Togliere la riduzione del 50% dell’Ires a chi fa del bene è inaccettabile. La manovra in via di approvazione prevede così il raddoppio secco di tasse al terzo settore, cioè a chi s’impegna nell’alleviare le sofferenze degli ultimi. Non solo, ma i migranti che con il loro lavoro vogliono aiutare le famiglie rimaste “a casa loro”, si vedranno applicare una tassa sulle rimesse.
Perché questo accanimento verso chi ha già poco?
Perché la stretta sulle associazioni e fondazioni che si occupano di queste persone?
La risposta sta nella “teoria della pacchia” . Chi non si sostiene con il proprio lavoro è un parassita, che potrebbe fare, ma preferisce oziare. Così la povertà diventa un vizio da estirpare, una colpa che va punita, una “pacchia che deve finire”. Il disprezzo di censo del benestante verso il povero è il nerbo del “pacchismo” di destra, dove la carità è facoltativa, compassionevole, occasionale.
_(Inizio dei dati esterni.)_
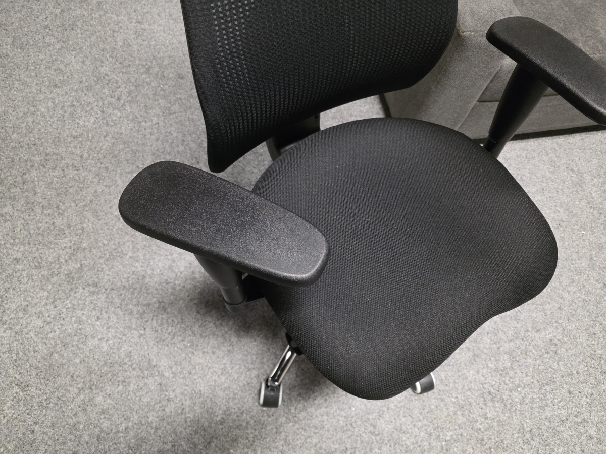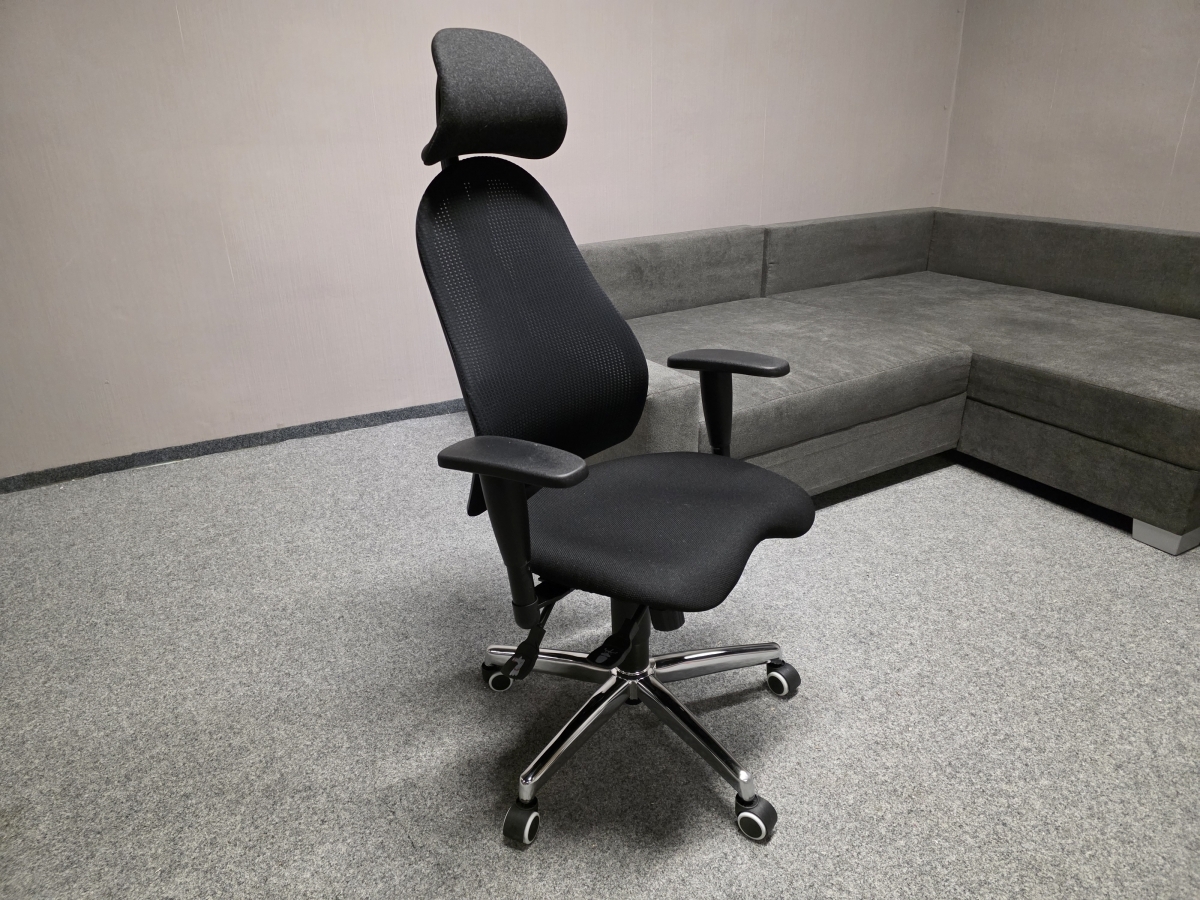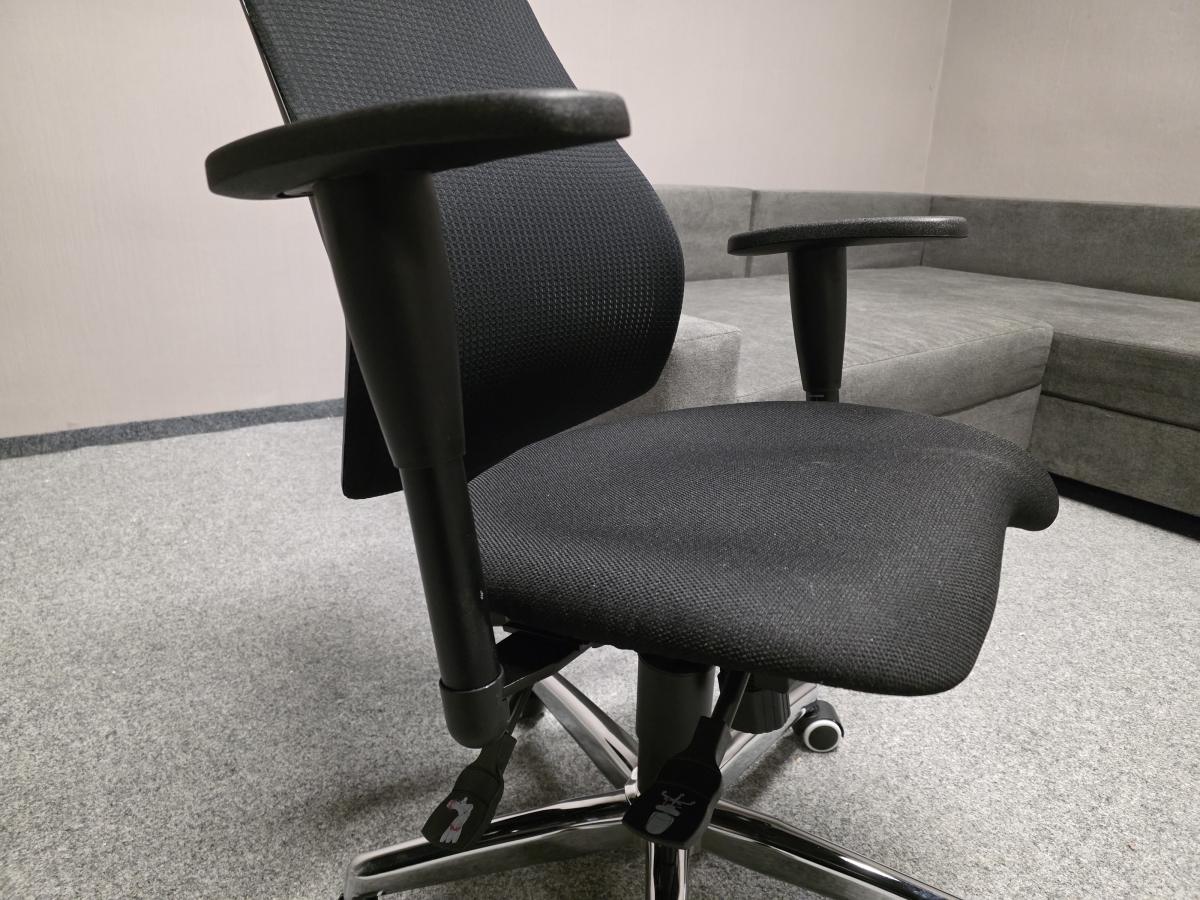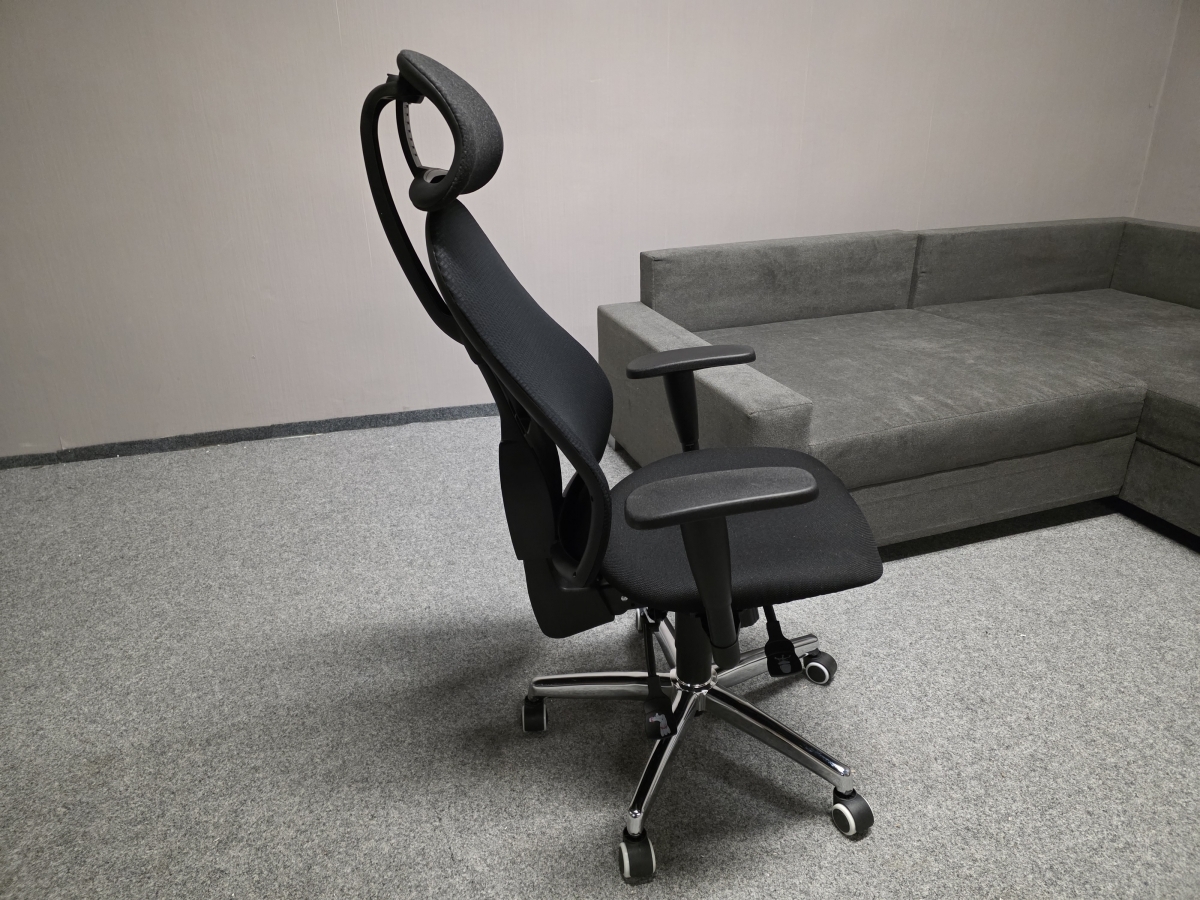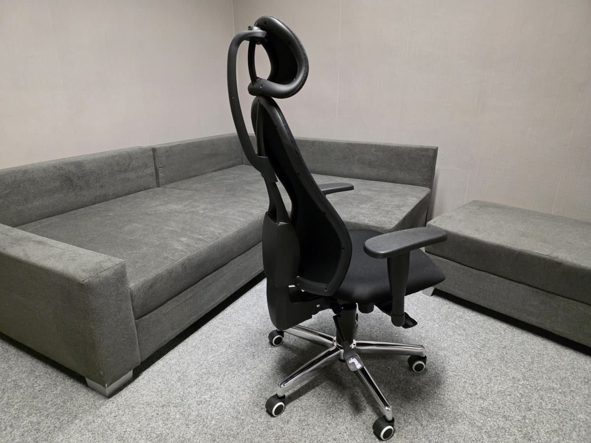 Vystavený kus. Potah hladká tkanina. Nosnost 110kg. Zvedací, polohovací, houpací, výškově nastavitelné opěrky rukou, otočné opěrky rukou, polohovací opěrka hlavy. Šířka 65 cm, hloubka 60 cm, výška 127-137 cm, výška sedáku: 50-60 cm.

Guai ad attenuare la sofferenza con servizi stabili e pubblici, perché là siamo già nella palude del “buonismo”. Se proprio vogliono soldi per aiutare gli ultimi – pensano i pacchisti – li chiedano in tv con le campagne dei bambini secchi che piangono.
E’ questa la società che non mi piace. E’ per cambiarla, che dobbiamo impegnarci ancora di più.